A Turkish Educational Crossword Puzzle Generator
Kamyar Zeinalipour, Yusuf Gökberk Keptiğ, Marco Maggini, Leonardo Rigutini, Marco Gori
TL;DR
The paper addresses the lack of Turkish-language educational crossword tools and demonstrates how large language models can autogenerate clues and layouts. It introduces two datasets—TAC for Turkish answer-clue pairs and T4TAC for text-based clue generation with category labels—plus a full crossword-generation system that supports keyword- and text-driven inputs. Fine-tuning GPT-3.5-Turbo and Llama-2 models on these datasets, combined with a schema-driven layout algorithm and a scoring rule $Score = (FW + 0.5 \\cdot LL) \\times FR \\times LR$, yields clues and puzzles of educational quality, with human evaluators confirming meaningful performance.

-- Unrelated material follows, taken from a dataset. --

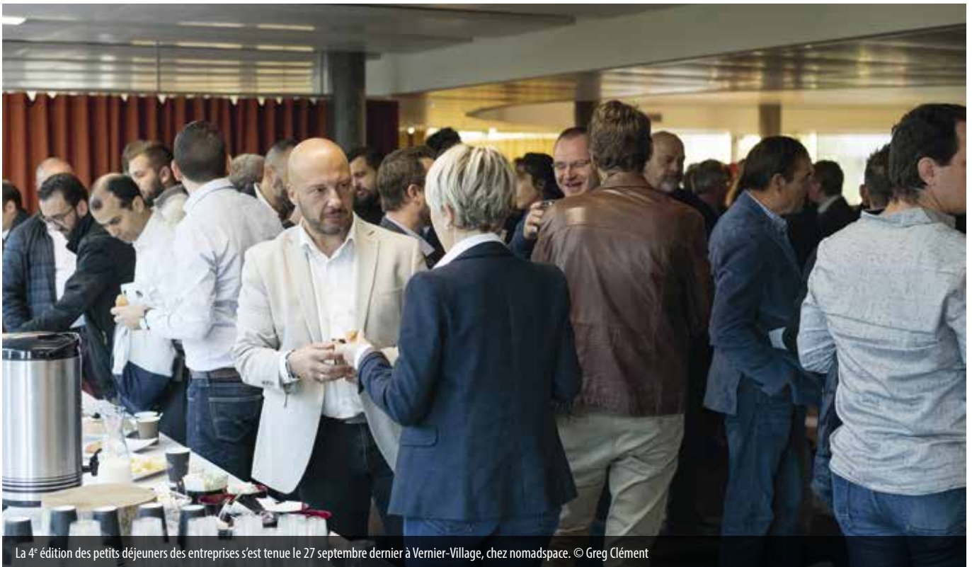
La 4 e édition des petits déjeuners des entreprises s'est tenue le 27 septembre dernier à Vernier-Village, chez nomadspace.

The work contributes open datasets and an accessible tool for Turkish education, and future work aims to extend to more languages and more advanced clue-generation capabilities.
Abstract
This paper introduces the first Turkish crossword puzzle generator designed to leverage the capabilities of large language models (LLMs) for educational purposes. In this work, we introduced two specially created datasets: one with over 180,000 unique answer-clue pairs for generating relevant clues from the given answer, and another with over 35,000 samples containing text, answer, category, and clue data, aimed at producing clues for specific texts and keywords within certain categories. Beyond entertainment, this generator emerges as an interactive educational tool that enhances memory, vocabulary, and problem-solving skills. It's a notable step in AI-enhanced education, merging game-like engagement with learning for Turkish and setting new standards for interactive, intelligent learning tools in Turkish.